Stress and Alzheimer's Disease
Stress is often a factor that contributes to or worsens many conditions ranging from psoriasis to irritable bowel syndrome, perhaps because it results in compromised immunity. Recent evidence has shown that stress may be involved in accelerating the onset of Alzheimer’s disease as well as worsening the disease course.
How Does Stress Affect the Body?
Stress is known to activate key brain regions, namely the hypothalamic-pituitary-adrenal (HPA) axis, to stimulate the production and secretion of stress hormones such as corticosteroids (e.g. cortisol) and adrenalin.
Consequently, there is an elevation in heart rate, blood pressure and energy levels, as cortisol increases blood sugar levels and allows the brain to use the insulin more efficiently. At the same time, it also depresses the normal immune responses, digestive function, sexual function and other ‘non-essential’ functions. Inevitably, stress has an effect not only on the body, but the brain as well.
Long-term repeated or chronic stress can have negative consequences on multiple physiological processes leading to anxiety, depression, insomnia, cardiovascular disease, digestive impairment as well as potentially injuring cognition, causing early stage dementia.
Stress and Alzheimer’s Disease
A majority of our knowledge relating to stress and Alzheimer’s is from a vast database of animal studies, as the study and manipulation of stress in humans is difficult. The major toxic protein central to Alzheimer’s disease is beta-amyloid, which forms plaques in the brain and around vessels and is a primary pathological hallmark of Alzheimer’s disease. Stress has been shown to increase the production of toxic beta-amyloid in animal models of Alzheimer’s subjected to both acute and chronic stress. This has further been correlated with an accelerated decline in cognition in these animal models compared to those without any stress. Furthermore, early-life stress can have prolonged and permanent effects on the brains of these animals, with marked increases to amyloid levels within the brain and cerebrospinal fluid (CSF).
The second key Alzheimer’s protein is tau. Tau forms tangles which is the primary trigger for neuronal death in Alzheimer’s disease. Tangles are usually formed due to the hyper-phosphorylation of tau.

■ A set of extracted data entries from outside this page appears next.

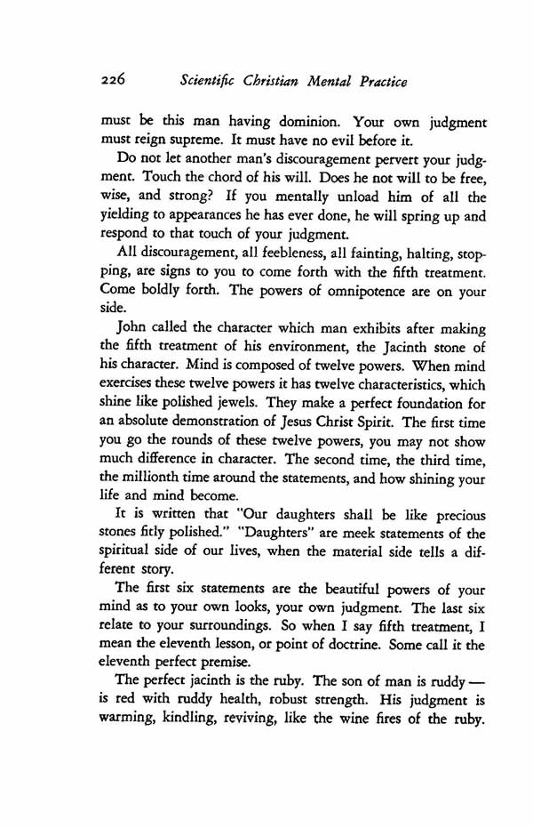 John called the character which man exhibits after making the fifth treatment of his environment, the Jacinth stone of his character. Mind is composed of twelve powers. When mind exercises these twelve powers it has twelve characteristics, which shine like polished jewels. They make a perfect foundation for an absolute demonstration of Jesus Christ Spirit. The first time you go the rounds of these twelve powers, you may not show much difference in character. The second time, the third time, the millionth time around the statements, and how shining your life and mind become.
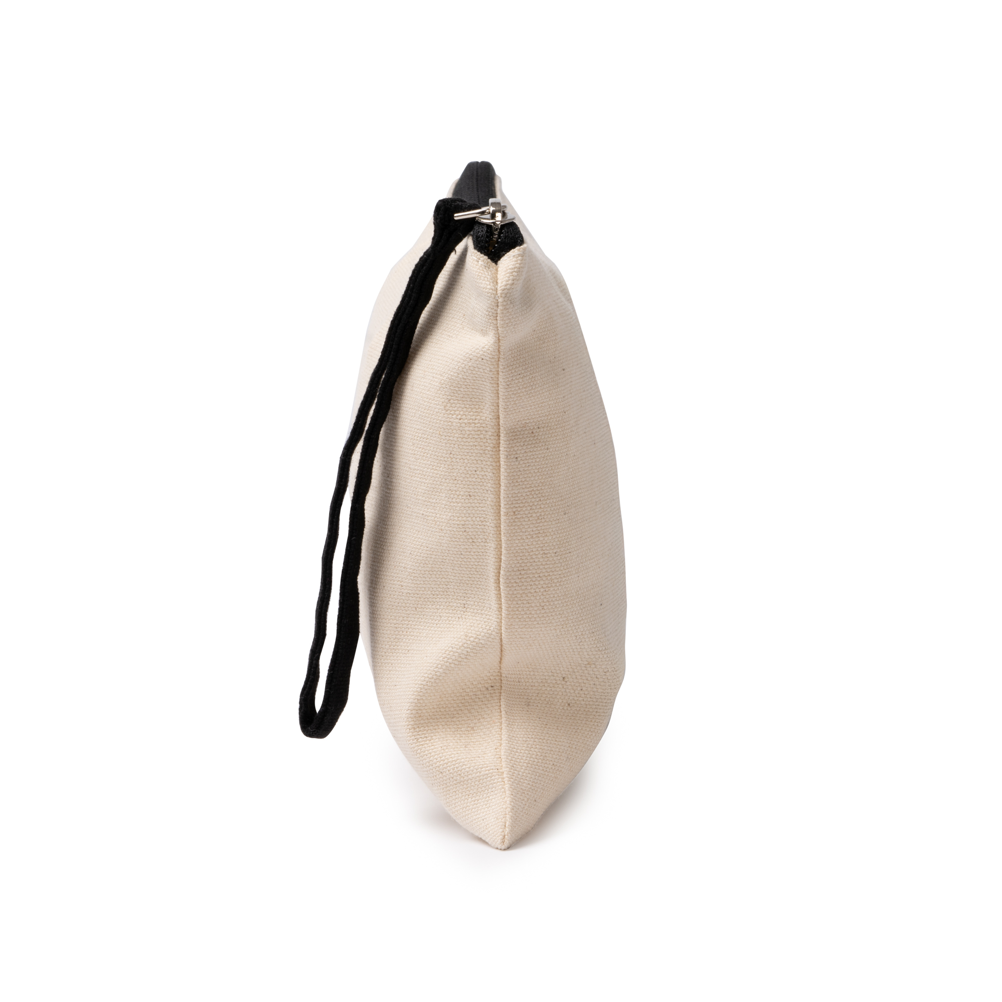 Geantă de cosmetice din bumbac 100% de 260 g/m² cu închidere cu fermoar și mâner de transport colorat.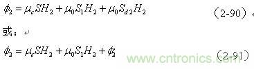 (2-91)式中,咋看起來,變壓器初級線圈N1產(chǎn)生的磁通量 全部穿過變壓器次級線圈N2,它們之間應該不存在漏磁通;但是,初級線圈在面積S1中產(chǎn)生的磁通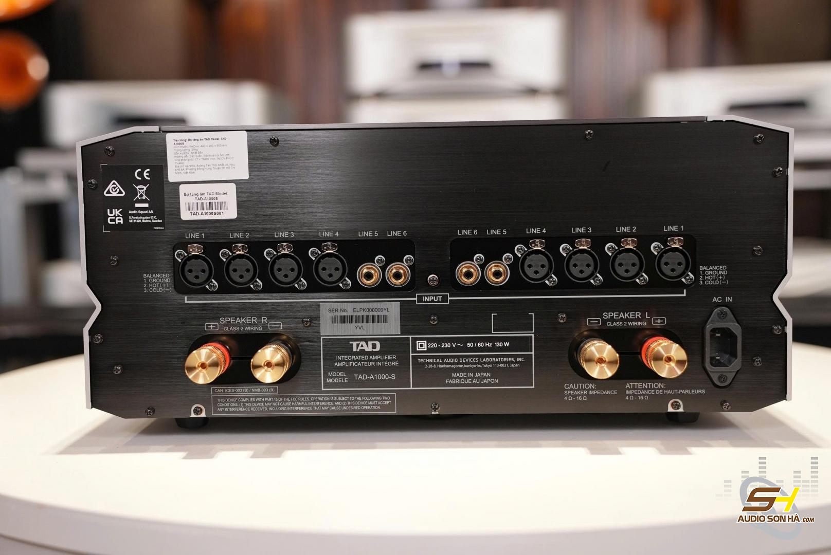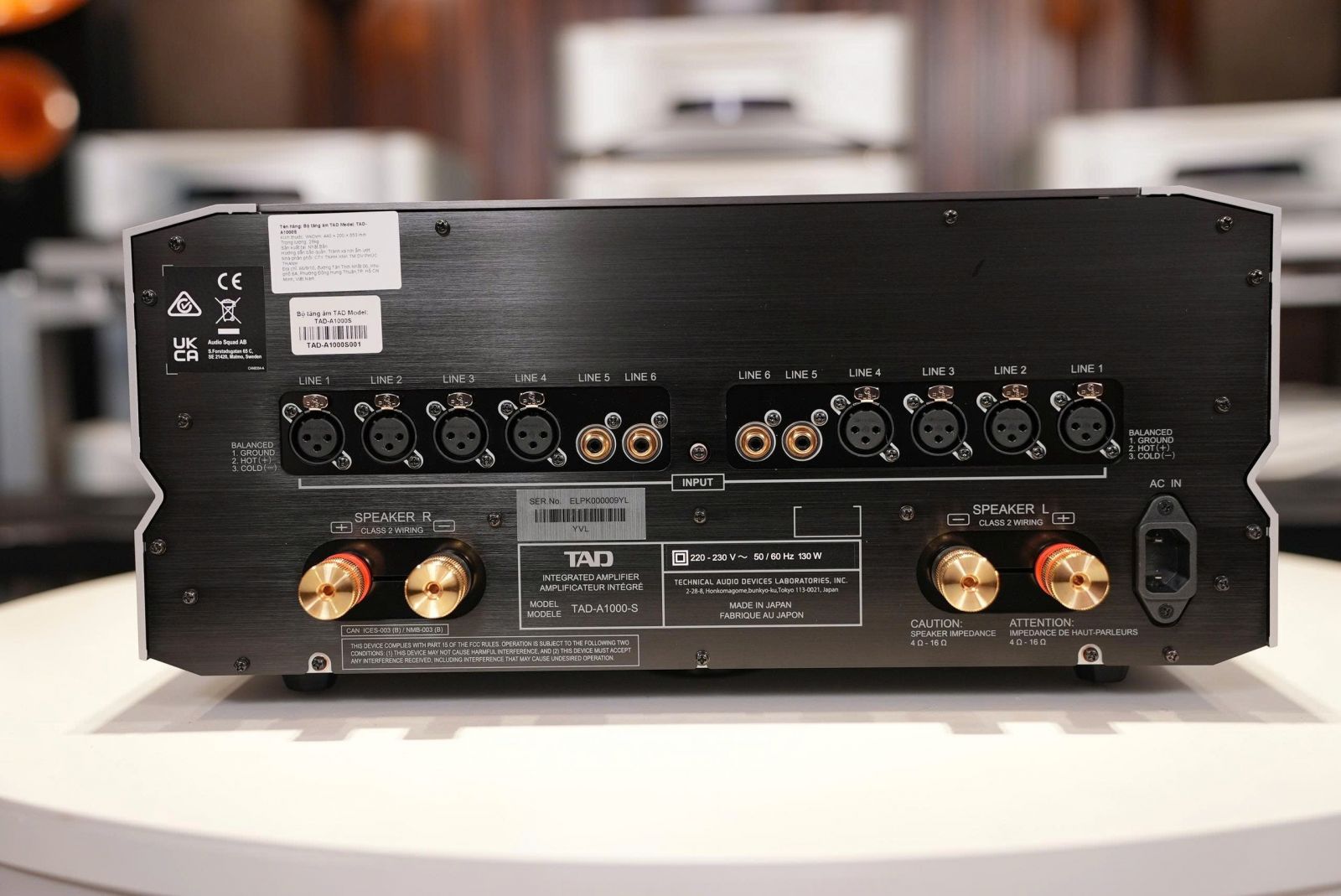 Mạch tiền khuếch đại, mạch khuếch đại công suất, biến áp và mạch điều khiển của TAD-A1000 được tách biệt vật lý thành bốn khoang riêng biệt bên trong vỏ máy. Cấu trúc bên trong bốn khoang này giúp bảo vệ toàn bộ thiết bị khỏi các rung động bên ngoài và cung cấp điện thế nối đất mạnh mẽ và ổn định. Đặc biệt, phần nguồn điện được che chắn cơ học và điện để giảm thiểu nhiếp âm và tăng cường độ tinh khiết của tín hiệu. Thân máy chắc chắn của TAD-A1000 được đỡ bởi ba chân, mỗi chân đều được trang bị một gai nhọn ngược bên trong. Thiết kế này cách ly vật lý khung máy khỏi các rung động bên ngoài truyền qua sàn nhà. Sự tiếp xúc tối thiểu giữa TAD-A1000 và bề mặt ngăn chặn các rung động bên ngoài ảnh hưởng đến các mạch và linh kiện bên trong. Thiết kế kiểm soát rung động toàn diện này cho phép tái tạo âm thanh cô đọng và mạnh mẽ hơn, bảo toàn các sắc thái không gian của âm nhạc. Bảng điều khiển phía sau có các đầu nối loa cỡ lớn, chắc chắn, tương tự như các đầu nối được tìm thấy trong các bộ khuếch đại công suất dòng Reference Series. Các đầu nối này giảm thiểu ứng suất cơ học và điện trên cáp loa được kết nối, tăng cường độ ổn định và tối ưu hóa hiệu suất của chúng.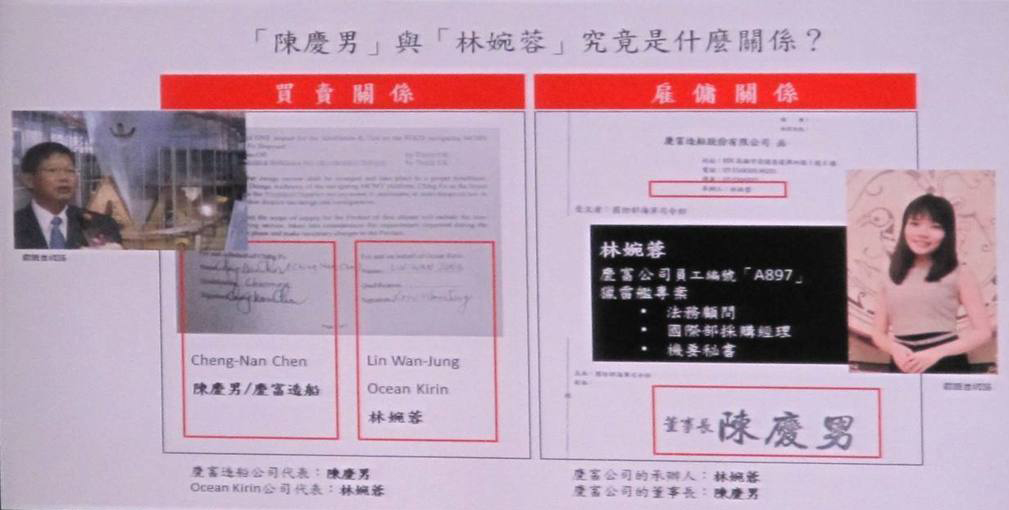 馬文君直接出示慶富與OCEAN KIRIN簽約的負責人簽名文件,質疑該交易疑點重重。(臺媒圖)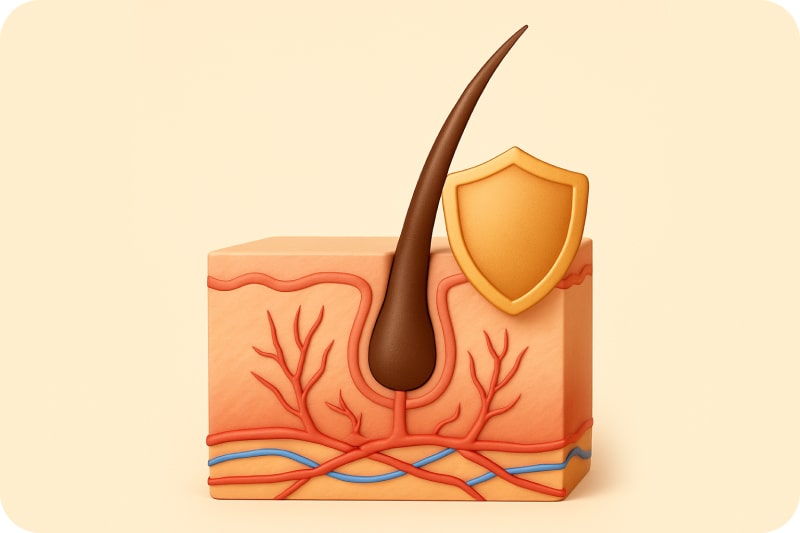 DHT lagert sich an den Haarfollikeln ab, unterbricht die NĂ€hrstoffversorgung â und stoppt so den natĂŒrlichen Wachstumszyklus deiner Haare.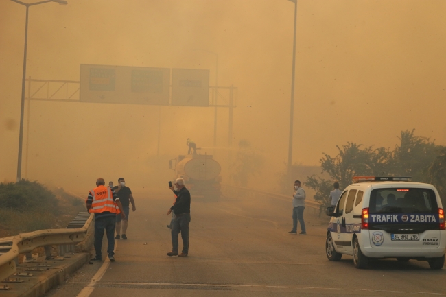 [Fotoğraf: AA]Yangın nedeniyle Belen-İskenderun kara yolu da trafiğe kapatıldı.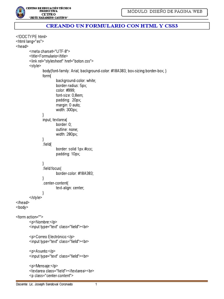 Crear Formularios con HTML y CSS3 | PDF | Formatos de archivo de ...

Several studies have shown that stress exposure can lead to the hyper-phosphorylation of tau in animal models with stress compared to those who do not.
Central to both beta-amyloid and tau pathology exacerbation by stress induction is the role of stress hormones such as corticosteroid and corticotropin releasing factor (CRF). For example, animals lacking CRF (Crf-/- mutants) have been shown to have significant reductions to both amyloid and tau pathologies in Alzheimer’s disease progression due to a reduced overall stress response. Furthermore, increasing CRF can actually enhance the deposition of beta-amyloid in the brain as well as hyper phosphorylating tau.
As mentioned, a majority of the evidence relating stress and Alzheimer’s has come from animal studies. There are some clinical studies which have also shown some links between stress and Alzheimer’s pathology exacerbation, but not with the onset.
Stress and the Treatment of Alzheimer’s Disease
With the knowledge that stress enhances Alzheimer’s pathology in animal models, it might be assumed that lowering stress levels would have a beneficial impact on ameliorating the pathology and symptoms of Alzheimer’s in humans.
Lowering CRF levels by inhibiting CRF-receptors (CRFR1) in animal models has resulted in a reduction in the total levels of amyloid and plaques, in addition to the improvements in cognitive function. Furthermore, the inhibition of glucocorticoid receptors in animal models has also been associated with a lowering of Alzheimer’s pathology, with clinical trials in a small cohort of patients showing some improvement in cognition. However, compared to the animal experiments, clinical recovery was modest.
Unfortunately, some other drugs that work in animal models do not seem to work effectively in humans and several clinical trials have failed at Phase I or II of clinical trials. Although animal models are crucial to our understanding of human health and disease, it is inevitable that due to species-specific differences, as well as the increased complexity of all systems in humans, many studies cannot be replicated effectively during clinical trials. Therefore, much more clinical work needs to be done before reaching definitive conclusions on how stress affects Alzheimer’s disease, and whether what anti-stress therapies can actually be used to treat Alzheimer’s disease.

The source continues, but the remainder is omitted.